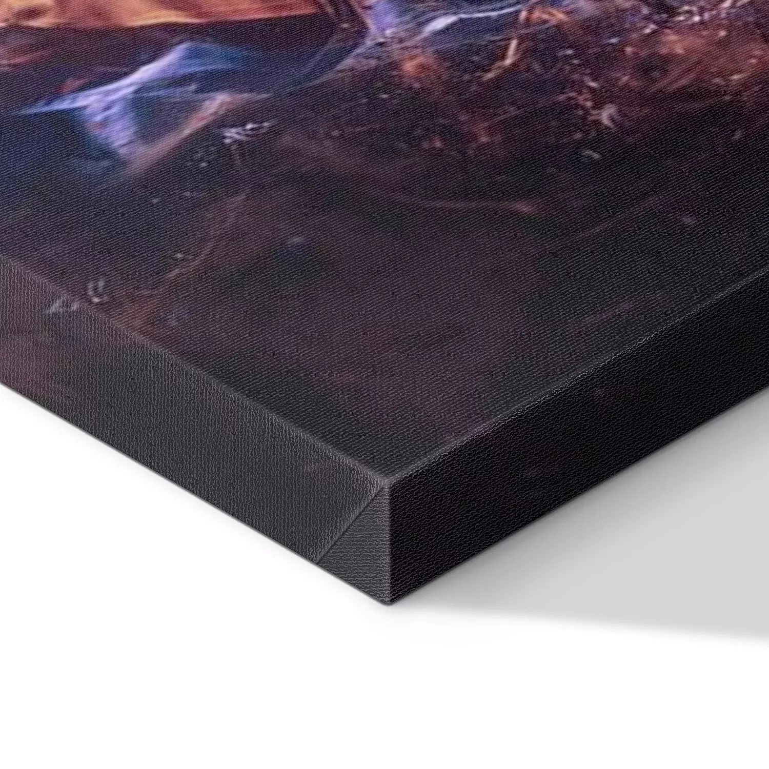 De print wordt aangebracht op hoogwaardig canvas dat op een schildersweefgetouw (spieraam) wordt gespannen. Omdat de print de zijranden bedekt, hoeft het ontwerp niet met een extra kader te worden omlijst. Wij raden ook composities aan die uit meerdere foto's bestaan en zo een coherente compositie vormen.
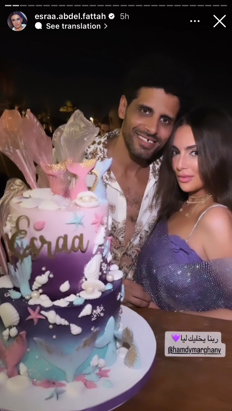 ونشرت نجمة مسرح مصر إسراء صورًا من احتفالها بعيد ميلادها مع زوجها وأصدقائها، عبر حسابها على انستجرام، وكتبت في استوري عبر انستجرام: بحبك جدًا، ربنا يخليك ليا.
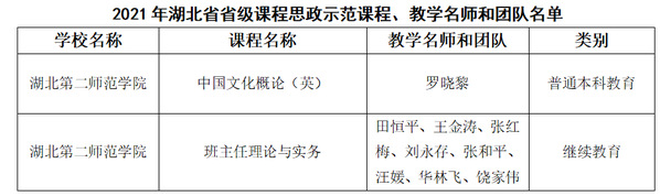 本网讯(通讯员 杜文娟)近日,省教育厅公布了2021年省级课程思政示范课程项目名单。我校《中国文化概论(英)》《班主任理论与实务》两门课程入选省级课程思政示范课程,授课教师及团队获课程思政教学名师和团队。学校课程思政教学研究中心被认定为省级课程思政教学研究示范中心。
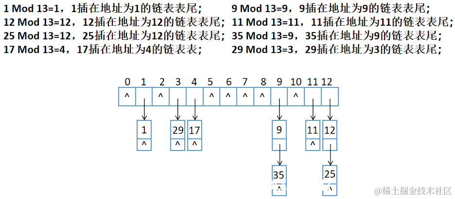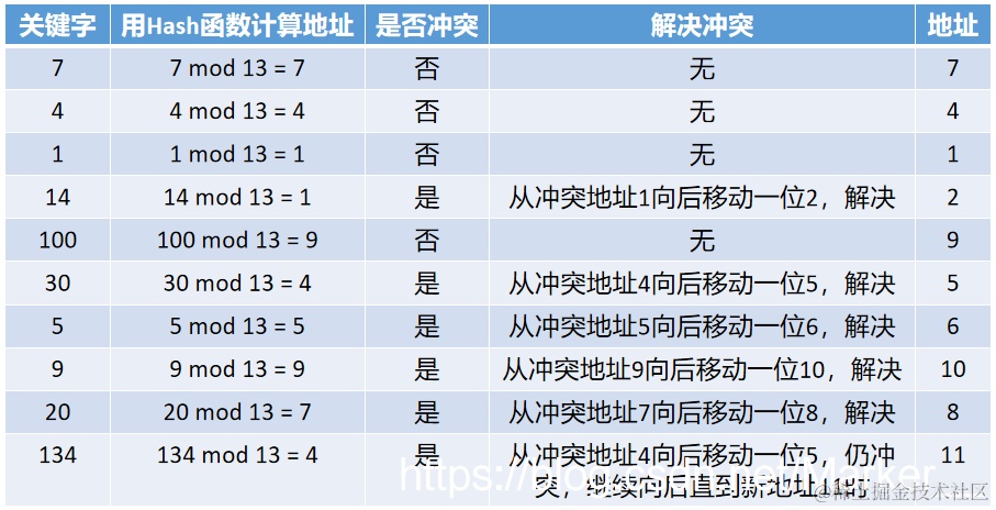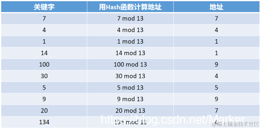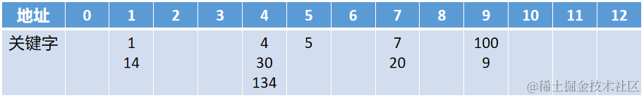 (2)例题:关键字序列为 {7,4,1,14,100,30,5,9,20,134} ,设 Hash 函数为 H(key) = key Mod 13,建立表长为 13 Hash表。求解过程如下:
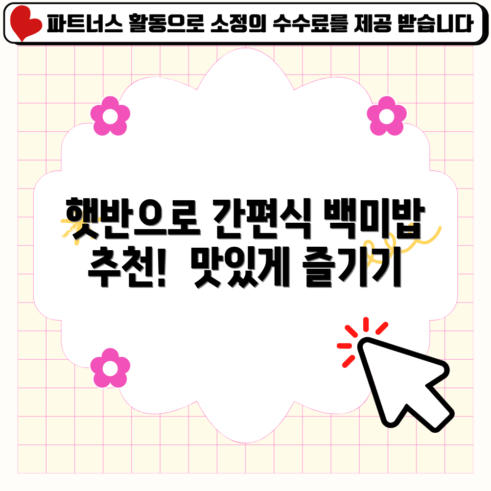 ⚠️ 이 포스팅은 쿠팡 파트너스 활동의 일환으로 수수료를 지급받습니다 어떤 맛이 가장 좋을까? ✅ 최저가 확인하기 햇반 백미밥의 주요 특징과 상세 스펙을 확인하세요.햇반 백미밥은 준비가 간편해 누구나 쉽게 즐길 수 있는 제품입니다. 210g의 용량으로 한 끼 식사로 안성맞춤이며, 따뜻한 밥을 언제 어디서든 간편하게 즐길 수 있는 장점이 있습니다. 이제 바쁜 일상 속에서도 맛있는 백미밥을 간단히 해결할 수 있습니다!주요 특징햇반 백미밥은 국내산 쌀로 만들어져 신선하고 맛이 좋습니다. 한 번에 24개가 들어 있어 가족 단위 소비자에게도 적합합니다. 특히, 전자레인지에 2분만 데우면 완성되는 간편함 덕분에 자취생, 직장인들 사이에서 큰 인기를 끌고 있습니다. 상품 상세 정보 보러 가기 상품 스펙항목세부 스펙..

————

[ACTION ITEM]
Leave nothing out but the pictures when transcribing the records.

[COMPLETED EXERCISE]
 De print wordt aangebracht op hoogwaardig canvas dat op een schildersweefgetouw (spieraam) wordt gespannen. Omdat de print de zijranden bedekt, hoeft het ontwerp niet met een extra kader te worden omlijst. Wij raden ook composities aan die uit meerdere foto's bestaan en zo een coherente compositie vormen.
 ونشرت نجمة مسرح مصر إسراء صورًا من احتفالها بعيد ميلادها مع زوجها وأصدقائها، عبر حسابها على انستجرام، وكتبت في استوري عبر انستجرام: بحبك جدًا، ربنا يخليك ليا.
 本网讯(通讯员 杜文娟)近日,省教育厅公布了2021年省级课程思政示范课程项目名单。我校《中国文化概论(英)》《班主任理论与实务》两门课程入选省级课程思政示范课程,授课教师及团队获课程思政教学名师和团队。学校课程思政教学研究中心被认定为省级课程思政教学研究示范中心。
 (2)例题:关键字序列为 {7,4,1,14,100,30,5,9,20,134} ,设 Hash 函数为 H(key) = key Mod 13,建立表长为 13 Hash表。求解过程如下:
 ⚠️ 이 포스팅은 쿠팡 파트너스 활동의 일환으로 수수료를 지급받습니다 어떤 맛이 가장 좋을까? ✅ 최저가 확인하기 햇반 백미밥의 주요 특징과 상세 스펙을 확인하세요.햇반 백미밥은 준비가 간편해 누구나 쉽게 즐길 수 있는 제품입니다. 210g의 용량으로 한 끼 식사로 안성맞춤이며, 따뜻한 밥을 언제 어디서든 간편하게 즐길 수 있는 장점이 있습니다. 이제 바쁜 일상 속에서도 맛있는 백미밥을 간단히 해결할 수 있습니다!주요 특징햇반 백미밥은 국내산 쌀로 만들어져 신선하고 맛이 좋습니다. 한 번에 24개가 들어 있어 가족 단위 소비자에게도 적합합니다. 특히, 전자레인지에 2분만 데우면 완성되는 간편함 덕분에 자취생, 직장인들 사이에서 큰 인기를 끌고 있습니다. 상품 상세 정보 보러 가기 상품 스펙항목세부 스펙..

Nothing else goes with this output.